The Digital Markets Act: EU Member States afraid of tech lobbying

The Council of the EU has denied public access to documents relating to the Digital Markets Act. The reasoning is remarkable: The Council is afraid that disclosure would lead to a level of tech lobbying that would undermine the decision-making process. This comes at a time where tech is outspending all other sectors in EU lobbying.

What happened?

The journalist research network Investigate Europe has requested public access to documents reflecting the position of EU Member States on the draft Digital Markets Act. The request was made to the Council of the EU, which is the EU’s law-making body representing the governments of all Member States. It was based on Regulation 1049/2001, which governs the public right of access to documents of the EU institutions. The Council found that 28 documents were in scope of the request, but granted only partial access to 10 documents and refused overall access to 13 of them. Just five documents were disclosed in full.

Access denied to nearly half of the relevant documents? Can they do this?

The Regulation allows EU institutions to refuse access to documents relating to an ongoing decision-making process where disclosure would seriously undermine this process, unless there is an overriding interest in disclosure. The Council has refused access on exactly that basis. The Council, inter alia, argued that the 13 documents contain first preliminary comments and requests for clarification and that their release would likely put the final choices Member States will make at a later stage into question.

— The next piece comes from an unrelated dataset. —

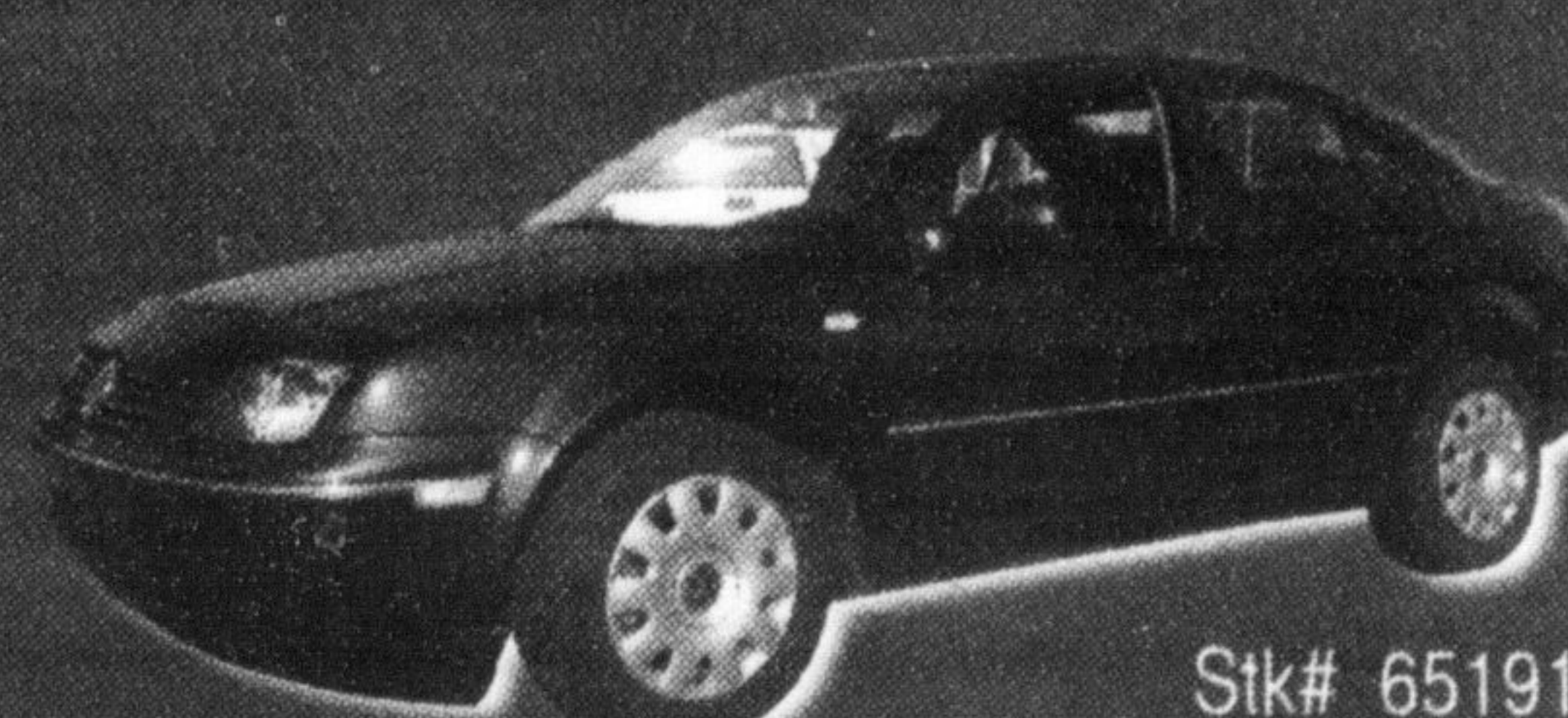
2007 VW Jetta City 2.0

And – this is where it gets really interesting – the Council also said that full disclosure could lead to

“an unprecedented lobbying on the side of systemic online platforms, including those from third countries”.

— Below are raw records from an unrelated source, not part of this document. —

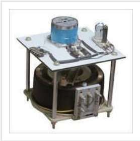
Dimmer Variac Transformer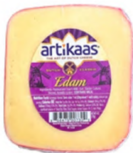
7443796 12/6Z Artikaas Edam Cheese EW Cut 6oz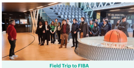
Field Trip to FIBA

Lobbying to seriously undermine the EU’s decision-making process?

This seems to be exactly what the Council is concerned about: That too great insight into the exchange of thoughts and views of EU Member States would lead to a level of lobbying from online platforms that would in turn undermine the entire process.

This fear of the Council comes more or less at the same time as the publication of a study showing that tech is now the biggest lobby sector in the EU, outspending the traditional lobbying giants of pharma, fossil fuels, finance, and chemicals. Unsurprisingly, Google, Facebook, Microsoft and Apple are the biggest tech lobbyist in Europe by spending.

Where from here?

With regard to lobbying in general, the reasoning of the Council will further encourage the (many) voices which criticize the scale of tech lobbying. At the same time, it indicates that Member States might be somewhat tired of all those lobbying efforts and have the feeling they need to hold their cards closer to their chests. Going forward, and to address concerns like the one of the Council, this could mean “less lobbying is more” for tech companies.

In the  meantime, Investigate Europe has complained to the European Ombudsman, who published a case summary on 8 September and has requested the documents from the Council for its own review, which is how all of this became public in the first place. Already a win for Investigate Europe, I guess.